Former Hearts manager Craig Levein described Hickey by saying that "he's got really good defensive qualities but I don't know if he'll end up being a full-back, he might end up going back into midfield [...] he could be a fantastic holding midfielder with his great awareness of danger and his ability to get out of tight situations with the ball at his feet". Levein has also said that Hickey is shy, quiet, and reserved.
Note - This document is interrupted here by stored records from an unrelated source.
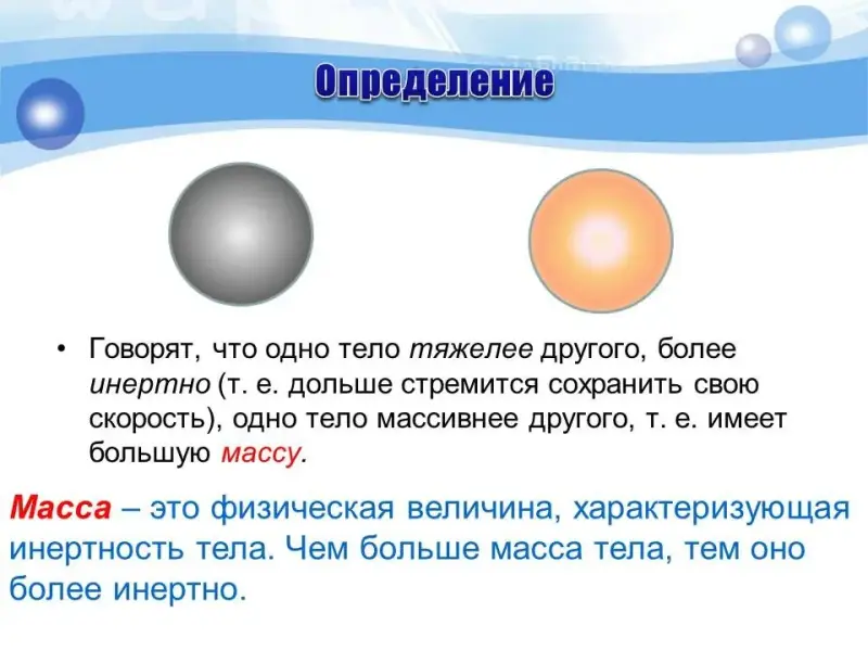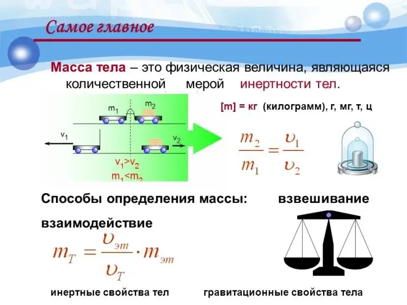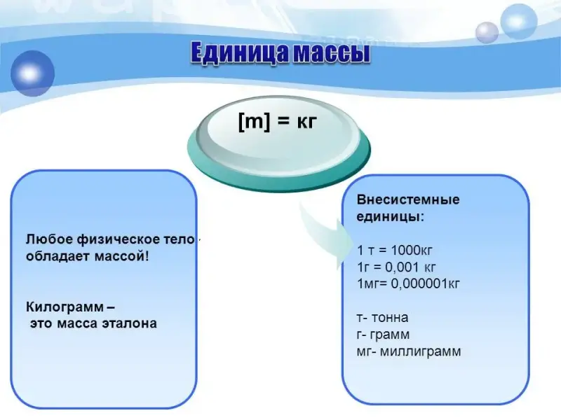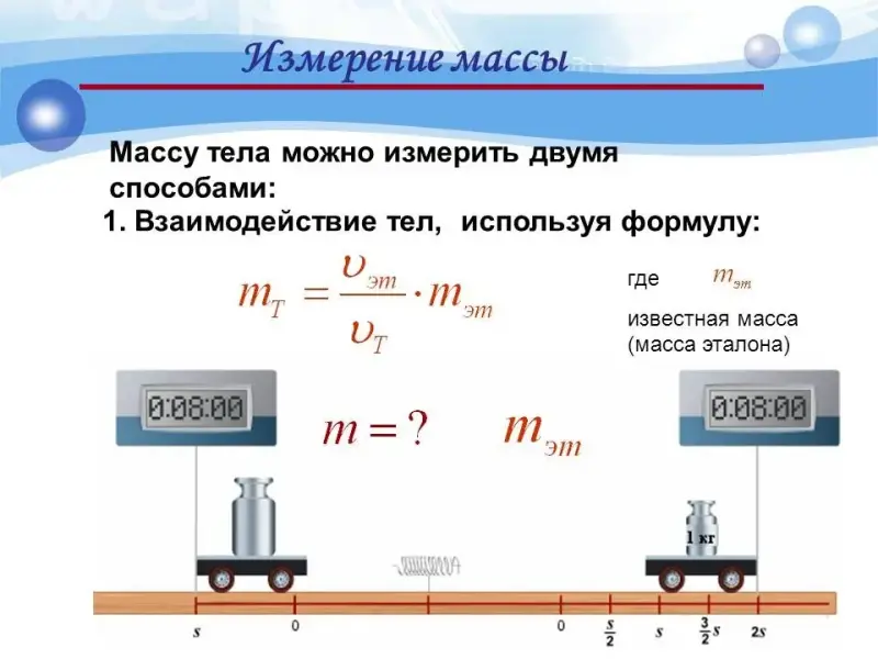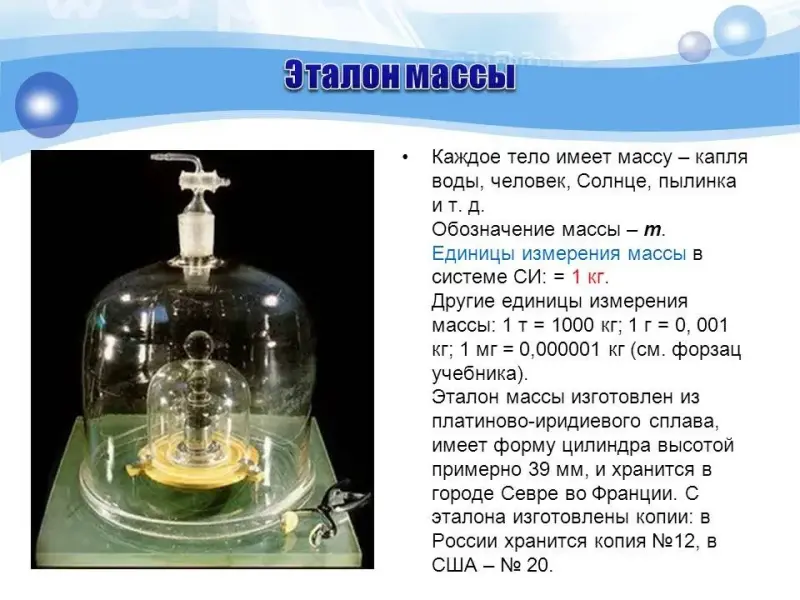 Демонстрация мультимедийной презентации: введение понятия массы, как меры инертности, название основной единицы измерения массы, объяснение, что такое эталон массы. | Составление краткого опорного конспекта. | 15 |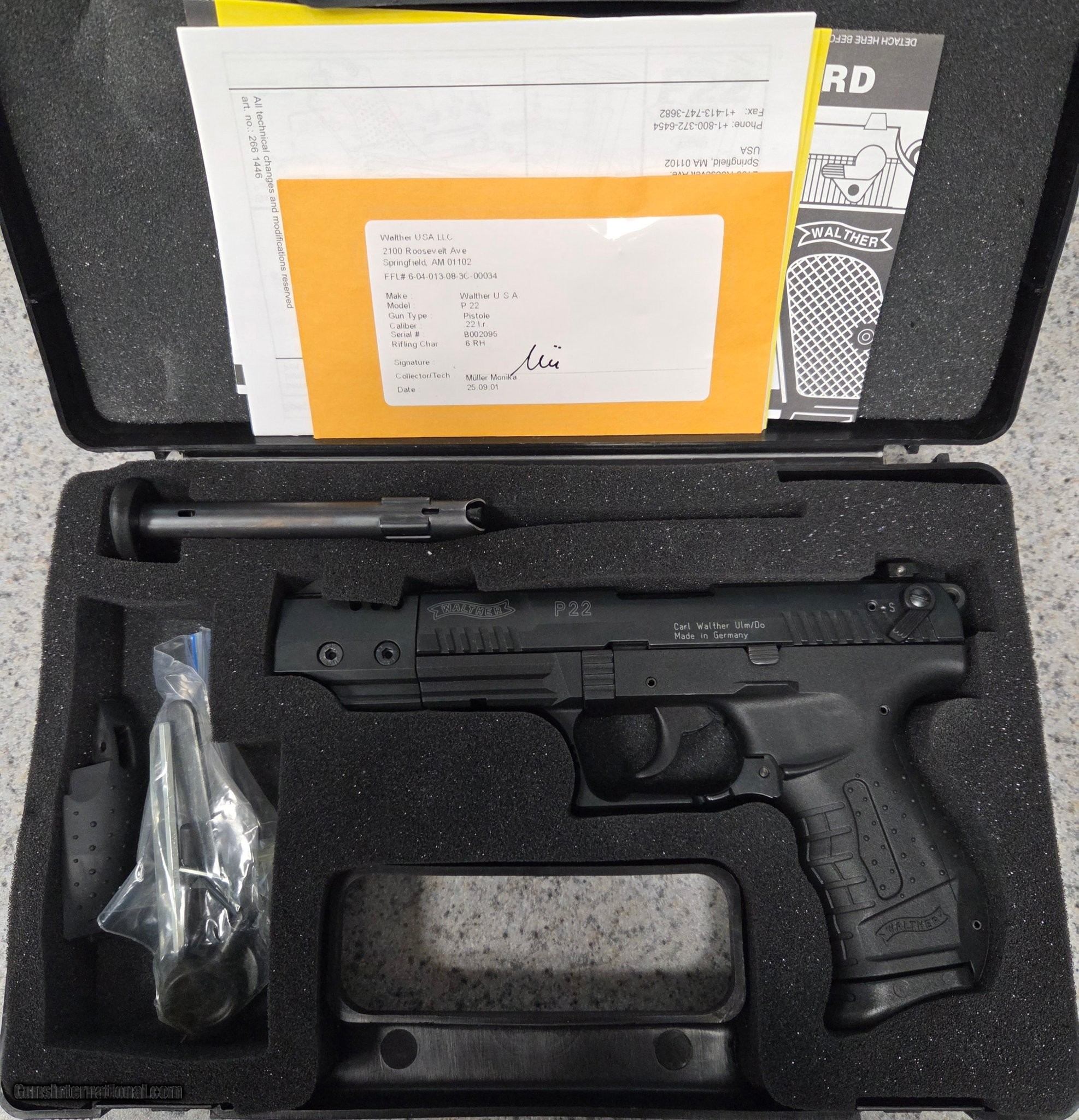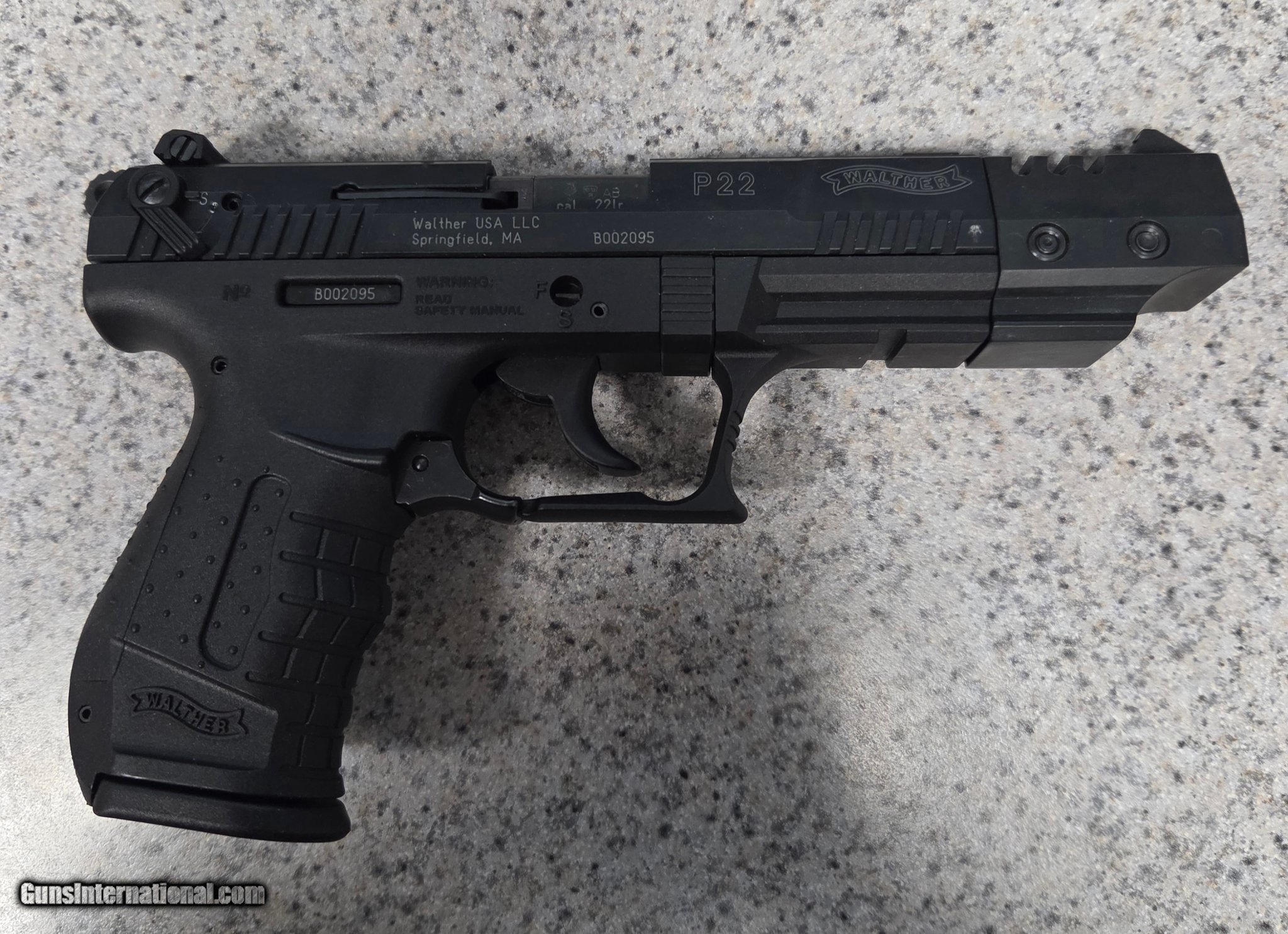 Description: Guns Listing ID: 590647 Used Walther P22 Target. This pistol has a 5\" barrel and comes with the original box and 2 magazines. Manufacturer: WALTHER Model: P22 Caliber Info: .22 LR Condition: Used - Non-Certified Barrels: 5" BARREL Action: SEMI AUTOMATIC Finish: BLACK Weight: 1.1 lbs. Price: $300.99 Contact Seller |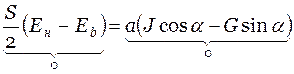 Возвышение наружного рельса в кривой устраивается с целью: a) обеспечения одинакового срока службы рельсовых нитей, т.е. равномерного износа нитей; b) снижения бокового давления на рельс наружной нити от действия центробежной силы; c) обеспечения комфортабельности езды пассажиров за счёт снижения чрезмерного воздействия непогашенного центробежного ускорения. На рис. 5 изображено положение экипажа на кривой, имеющей возвышение наружного рельса – h. Обозначим: S1 – расстояние между осями рельсов, равное 1,6 м, α– угол наклона полотна пути, тогда tgα = h/S ≈ sinα, а – расстояние от поверхности катания рельсов до центра тяжести экипажа. G = mg – вес экипажа, J = mv 2/2 – центробежная сила. Разложим внешние силы G и J на взаимно перпендикулярные составляющие по правилу параллелограмма. Обозначим: Eв, Eн – вертикальные реакции рельса, Тв, Тн – горизонтальная реакция рельса. 1.Опрделим возвышение наружного рельса из условия равенства давлений на обе рельсовые нити. Условие равенства давлений на обе рельсовые нити: Eв = Eн (1) Условие устойчивости экипажа против опркидывания: Σ M 0 = 0 (2) Решая совместно уравнение (1) и (2) получим: Σ M 0 = Eн‧S/2 - J‧ cosα ‧ a + G‧ sinα ‧ a – Eв‧S/2 = 0

Hearts captain Steven Naismith praised Hickey's intelligence, while Hearts head coach Robbie Neilson praised his maturity, saying that "he's like a 24- or 25-year-old in an 18-year-old's body [...] he's very mature for his age, he's composed, has good physique, ticks all the boxes".

==Personal life==
On 13 December 2020, he tested positive for COVID-19.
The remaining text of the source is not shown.